Star Wars: The Last Jedi is the ultimate letdown movie and that’s why it’s so great
By Jason Burke
Photo Credit: Lucasfilm
Shades of grey.
Finn finds life outside the conflict is more gray than black and white. Rose tries to show Finn what the fight is truly about as the Star Wars galaxy’s version of the one percent on Canto Bight, the arms dealers, live lavishly, profiting from war and slavery. Even The Resistance funnels payments to them to acquire weapons for the fight. But, more than that, Finn is still trying to reconcile his place within this new life as a person and not a number before Rose shows him the things worth fighting for.
The holy triumvirate of the force; Luke, Rey, and Kylo are essentially struggling with what has weighed us all down at one time or another: the past.
Rey finally meets Luke, a man who was revered through the galaxy as a mythical hero, a space god with a laser sword, only to find a cynical old hermit who has cut himself off from the Force altogether. Give him a bottle of Jack, some Lucky’s and the best Mark Hamill Joker voice, and he’s the perfect hobo.
He believes that the galaxy’s dysfunction stems from the hubris of the Jedi and Sith and that he was complicit in that arrogance by believing in his own legend — that he failed a boy with that mighty Skywalker blood. Through Rey’s persistence and a little help from your friendly neighborhood force ghost, Yoda, Luke realizes that the Jedi can endure as long as they evolve.
Rey deals with the past in her way. She, like, the audience, believe there is more — that her parents must be someone.
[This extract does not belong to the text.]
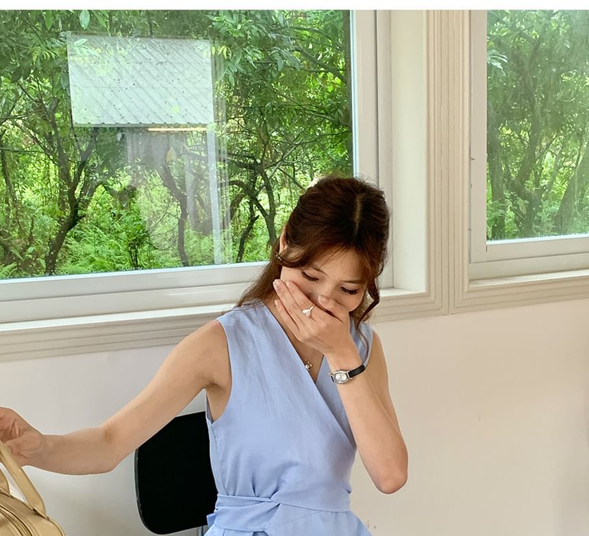 Sleeveless V-Neck Plain Asymmetrical Midi A-Line Dress

She must be a Skywalker, a Solo, Ben Kenobi’s granddaughter or the reincarnation of Anakin Skywalker (an idea I love but would never work). Sadly, unexpectedly, quite shockingly, we find out she’s nobody, and it’s brilliant.
See, before the midi-chlorians and the Jedi temples, before the sequels and prequels and the expanded universe, Star Wars was much simpler. In some ways, it was about something more relatable, our place. We were all Luke Skywalker. A farm boy who felt stuck with what his uncle and the universe thought he should be — gazing out amongst double sunsets with the comprised posture of someone just waiting for the opportunity to bust out of his own skin and jump on the first cruiser, laser beaming him straight off the planet.
What George Lucas accomplished is making you believe that the energy that flowed through him flowed through us all. That anyone from any walk of life, with the proper training, direction and focus could wield it while being guided by it—that we all played a part in destiny.